C'était rare que je sois aussi gentil, mais bon, de toute manière, si j'avais bu les verres qu'elle avait bue avant de jouer, j'aurais perdu. La satisfaction de gagner était plus forte. Clope au bec, je rangeais la caisse, le jeu avait bien perduré quelques heures. Je me laissais une petite heure avant de fermer et de mettre tout le monde à la porte. Enfin, je verrais, pour le moment, étant bien saoul, bien défoncé, je voyais pas pourquoi j'arrêterais de faire le con. J'avais toujours aimé ça, la fête, les conneries, les rencontres, les gens, les rires, les situations gênantes, la drogue, l'alcool. Tout ça faisait partie d'un tout qui régulait ma vie, ma liberté. Toutes ces choses me rendaient plus humain, et ce n'était pas rien. Au vue de mes actes passés, de ma vision de moi même et de ma condition de mage noir, c'était tellement génial d'être vu par ses pairs simplement comme un mec normal. Enfin, un mec bizarre mais humain. L'un des leurs quoi. C'était agréable de se sentir dans ce cercle fermé d'être vivant qui aimait simplement vivre comme bon leur semblait. Rien ne valait plus que ça, même pas tout l'or du monde. J'avais choisis cette voie, et ces instants là me rappelaient que j'avais fais le bon choix. La misère, la galère, tout ça, c'était pas l'idéal mais c'était le prix à payer pour être heureux. Si je le voulais, je me livrerais au gouvernement, annonçant mes bonnes intentions, ma force et mes capacités ou autre et je serais mis sous leur contrôle. Je pourrais vendre ma liberté contre compte en banque par dizaine, hôtel de luxe et yacht sur la côte. Mais non, je voulais sentir le vent sur ma peau, je voulais être maître de mes actes, je ne voulais plus être soumis à quelque chose d'autre que ma conscience. Je ne l'avais que trop vécu, que trop subis, ça devait rester derrière moi.

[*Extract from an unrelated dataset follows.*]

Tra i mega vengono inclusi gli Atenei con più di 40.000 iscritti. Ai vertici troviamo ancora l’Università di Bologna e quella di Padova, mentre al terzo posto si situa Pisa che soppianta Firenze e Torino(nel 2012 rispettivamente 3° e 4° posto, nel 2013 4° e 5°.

Je servais les quelques verres qu'on me demandaient, gérant la caisse et le service au bar, je m'arrêtais quand ça se calmait pour me diriger de nouveau vers la jeune fille. Elle m'avait intrigué, elle semblait perdue et pourtant elle avait l'air bien plus équilibrée que moi.


« Qu'est-ce qui t'as amené dans un bar comme celui-ci ? »

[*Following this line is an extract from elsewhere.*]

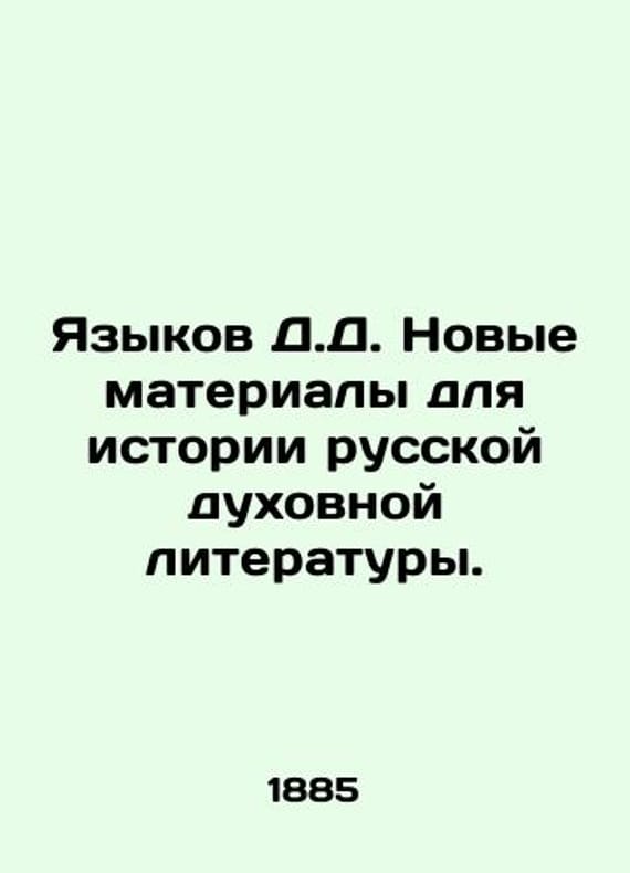 D.D. Languages New Materials for the History of Russian Theological Literature. In Russian (ask us if in doubt)/Yazykov D.D. Novye materialy dlya istorii russkoy dukhovnoy literatury.. Editorial Board of the journal Bibliographer. S.-Pb.Typo-lit. V. Freiman. 1885. 17s. SKUalbaf799f7a47971797.

Direct, sans même vraiment la connaître, je faisais la conversation. On était de toute manière bien assez dans notre monde pour trouver tout ça normal. On avait déjà partagé quelques mots et même une demande de sexe sans sentiments, alors bon, la normalité des rencontres, on en avait plus rien à foutre. Fumant ma clope, assis sur mon tabouret en face d'elle, je la regardais, souriant, sans savoir pourquoi, elle me paraissait juste cool.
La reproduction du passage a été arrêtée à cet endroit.